The other day I was on the phone and the caller asked, "What are you having for dinner?" Well, of course "dinner" is that mid-day meal some people call "lunch" and "supper" was what I was having, but I digress...
I told my caller that I was making a bog. Long silence. A bog, much like its name, is a sticky, wet rice dish. Famous rice historian(it's a tough job but someone has to be a rice historian!) Karen Hess, believes that bog began as traditional pilau, a sauteed and seasoned rice cooked with meats. When it was made by slaves in large batches, the rice overcooked and became steamy and wet and resembled a bog.
Now one might be surprised to find a Canadian who could even spell "bog" much less cook one. But Mr. Acheson seems right at home in this cleaned up bog.
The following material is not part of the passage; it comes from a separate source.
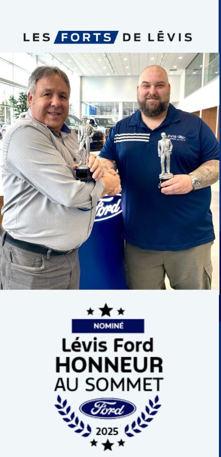 Félicitations à Jean Théberge et Alexandre Cantin, nommés Honneur au Sommet 2025 par Ford Canada! Mention spéciale à Jean, qui reçoit cette distinction pour une 10e année consécutive, preuve de son engagement exceptionnel. Deux membres de l’équipe qui se démarquent par leurs performances en ventes et leur souci constant de la satisfaction client. Merci de faire rayonner Lévis Ford partout au pays.
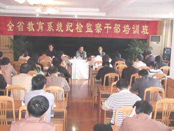育工委委员、省教育纪工委书记赵关君,开云官网党委书记吴聚芳出席了开班仪式并讲话。来自全省各高校和市、县(区)教育局的纪检监察审计干部共50余人参加了该培训班。赵关君书记就培训的必要性以及纪检监察干部必须增强学习意识、执纪为民意识、发展意识、奉献意识、创新意识、大局意识等六方面作了动员。吴聚芳书记说,本期培训班是在全省贯彻落实党的十六届四中全会精神的日子里进行的,这对于加强纪检监察干部自身建设、切实强化党的执政能力的建设,十分及时和必要,本校将与以往前两期培训班一样,全力支持省教育纪工委来开云官网举行培训班。

2 tablespoons vegetable oil
1 chicken, cut into breasts, drumsticks, oysters, and thighs, skin removed
¼ pound andouille sausage, diced
½ cup finely chopped mixed giblets
1 bay leaf
1 leek, white and light green part, cleaned and diced (½ cup)
½ cup diced yellow onion
½ cup diced celery
½ cup diced red bell pepper
2 garlic cloves, minced
1 teaspoon chopped fresh thyme
¼ cup red wine
4 cups chicken stock reduced to 2 cups
1 cup beef stock
1 large ripe tomato, peeled and diced
1 tablespoon minced fresh flat-leaf parsley
¼ teaspoon kosher salt
Heat the oil in a large, wide 6-quart pot over medium-high heat. Brown the chicken breasts, drumsticks, oysters, and thighs evenly, about 3 minutes on each side, removing them to a platter when they are nicely browned.
To the pot, add the sausage and the giblets and cook until well browned. Remove to the platter. Discard all but a tablespoon of the cooking oil and add the bay leaf, leeks, onion, celery, bell pepper, garlic, and thyme. When the onions have just turned translucent, add the red wine and reduce until almost dry.
Add reduced chicken stock and bring to a boil. Add the reserved chicken and sausage-giblet mixture, reduce to a simmer, cover, and cook until the chicken is just done, 20 to 25 minutes. Remove the chicken pieces from the pot, pull the meat from the bones and return it to the pot along with the beef stock. Simmer for about 15 minutes, stirring all the while to break the chicken into threads. Stir in the tomato and parsley. Discard the bay leaf. Season with the salt. Serve with rice!
Now that's a bog! So grab a cold one, a copy of A New Turn In The South and get into the kitchen. Don't forget your favorite R.E.M. mix tape. If you don't have a favorite R.E.M. mix tape... get out of the damn kitchen... or check out Paste's 2009 article of the 20 Best R.E.M. songs and make that tape.